**YOUR INSTRUCTIONS**
Return only the lines from the start of the records through the line that contains "Fashion court style", inclusive; leave out all pictures.

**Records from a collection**

————

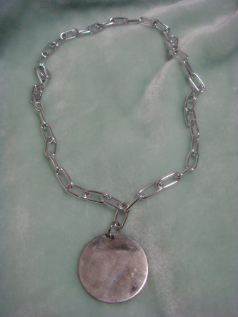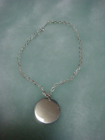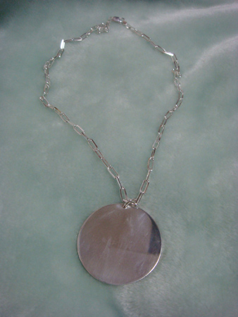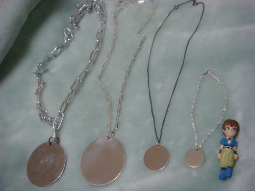合わせてみて、ちょうど良い大きさにしてもらいました!円盤の大きさは2センチで、チェーンの
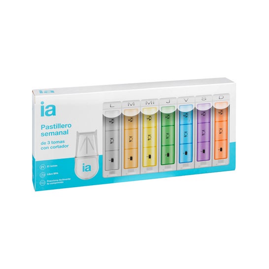 Este pastilleiro inclui um cortador de comprimidos, o que facilita a dosagem precisa dos medicamentos. É ideal para aquelas pessoas que requerem um controle rigoroso na administração de seus tratamentos. Sua estrutura permite um acesso simples e rápido a cada compartimento, garantindo que se possa acompanhar adequadamente as tomadas.
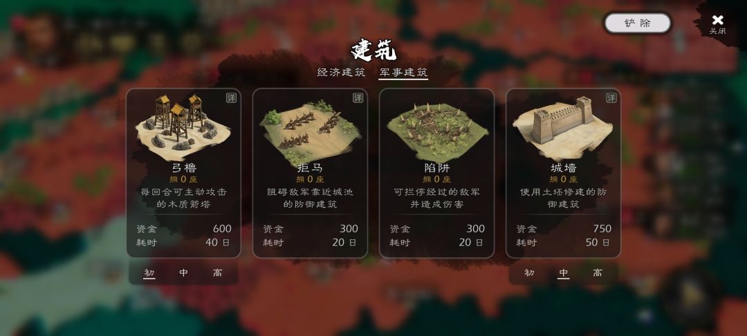 建筑:每次消耗1点行动力和此城资金,建造建筑
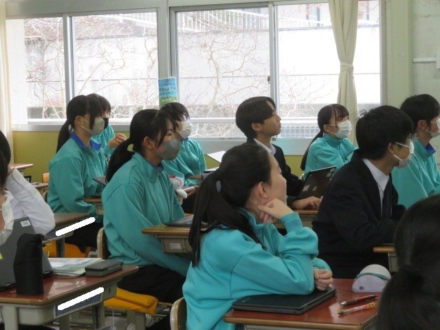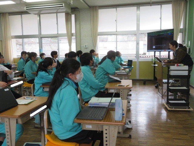 2年A組の英語の時間です。Performancedayの動画を観ています。話されている言葉を聴き取る力はすごいです。
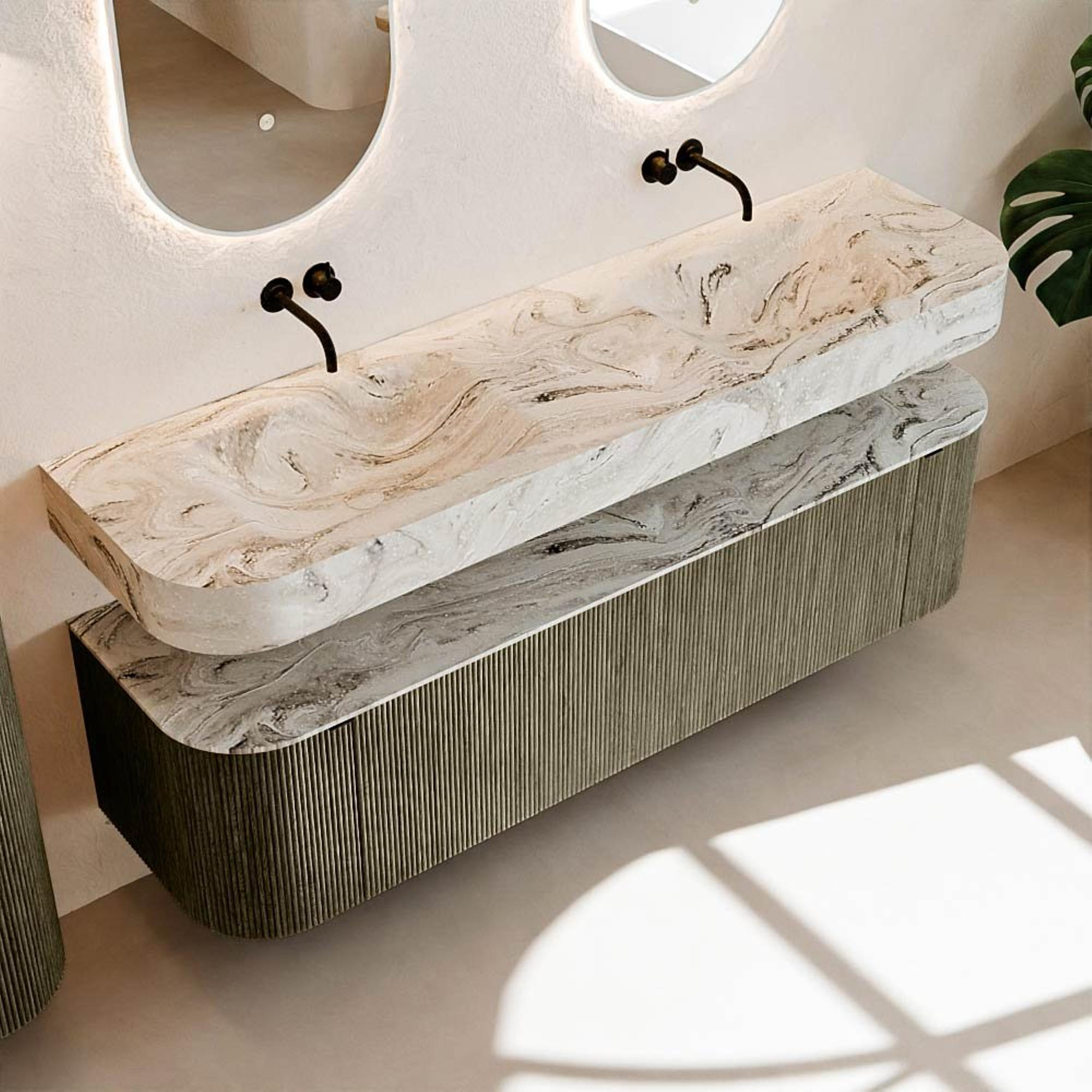 Meuble de salle de bains THOR-DLUX : Lignes organiques & Artisanat fonctionnel.
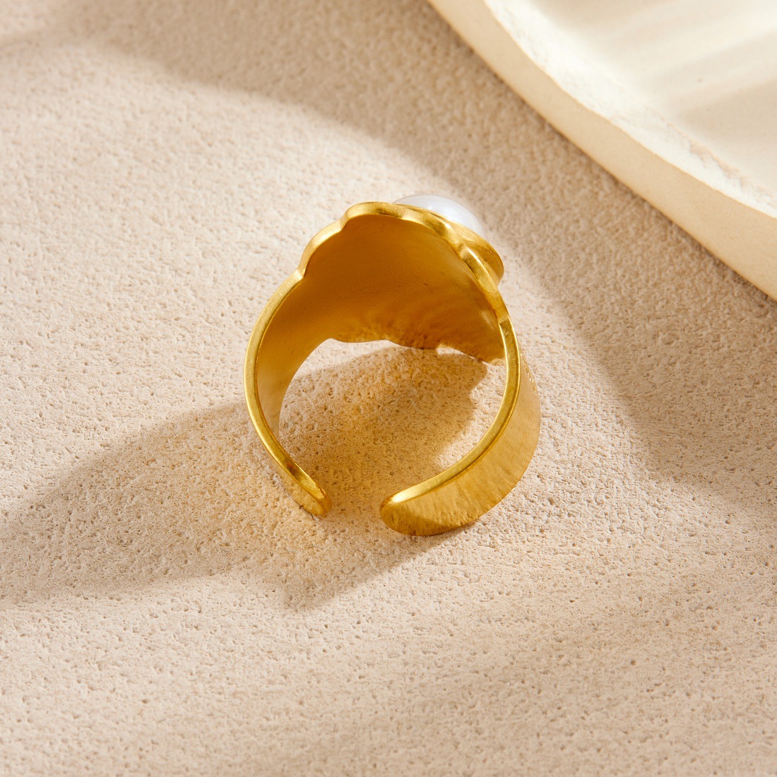 Fashion court style oval gold-plated carved stainless steel ring/band inlaid with pearls, lapis lazuli gemstones
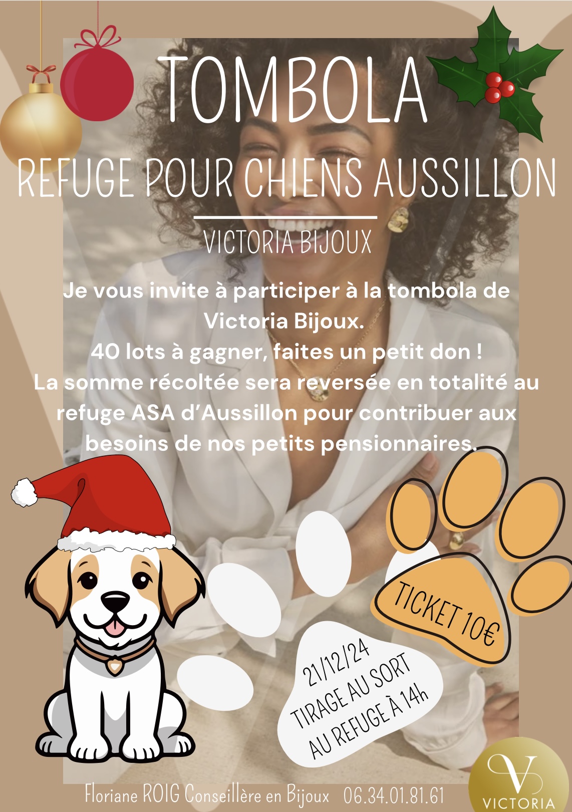 Nous remercions vivement Floriane, une bénévole qui a pris l’initiative d’organiser une tombola au profit des pensionnaires du refuge. Les billets sont à retirer au refuge, les après-midis, de 14h à 17h. Le tirage au sort aura lieu le samedi 21 décembre, à 14h, au refuge. Nous remercions également la Clinique vétérinaire Masson et les magasins qui ont accepté de vendre des billets et/ou d’afficher l’événement : Isabel Coiffure, Love Literie, Beauty Dog, La Pierre de Lune, La Vie Claire, Royal Pressing, Zoomalia, Cap animal, salon de coiffure Pour elle et lui.
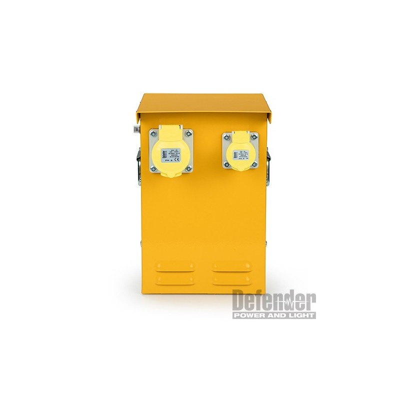Heater transformer with robust powder-coated metal casing. For running 110V heaters, including ceramic, fan and infrared, dehumidifiers, and also for use with lighting that uses a 16A socket. Collapsible twin handles allow a 2-person lift, offering safer manual handling option and enabling the transformer to be stacked. Centre-tapped to earth for extra safety. Outlets 1 x 16A and 1 x 32A. Continuous rating 3000W. Ingress protection IP44. No plug supplied. BSEN 61558-1 compliant. Dimensions: 220 x 280 x 380mm. Weight 3kg.

————

**OUTPUT OF THE TASK**
合わせてみて、ちょうど良い大きさにしてもらいました!円盤の大きさは2センチで、チェーンの
 Este pastilleiro inclui um cortador de comprimidos, o que facilita a dosagem precisa dos medicamentos. É ideal para aquelas pessoas que requerem um controle rigoroso na administração de seus tratamentos. Sua estrutura permite um acesso simples e rápido a cada compartimento, garantindo que se possa acompanhar adequadamente as tomadas.
 建筑:每次消耗1点行动力和此城资金,建造建筑
 2年A組の英語の時間です。Performancedayの動画を観ています。話されている言葉を聴き取る力はすごいです。
 Meuble de salle de bains THOR-DLUX : Lignes organiques & Artisanat fonctionnel.
 Fashion court style oval gold-plated carved stainless steel ring/band inlaid with pearls, lapis lazuli gemstones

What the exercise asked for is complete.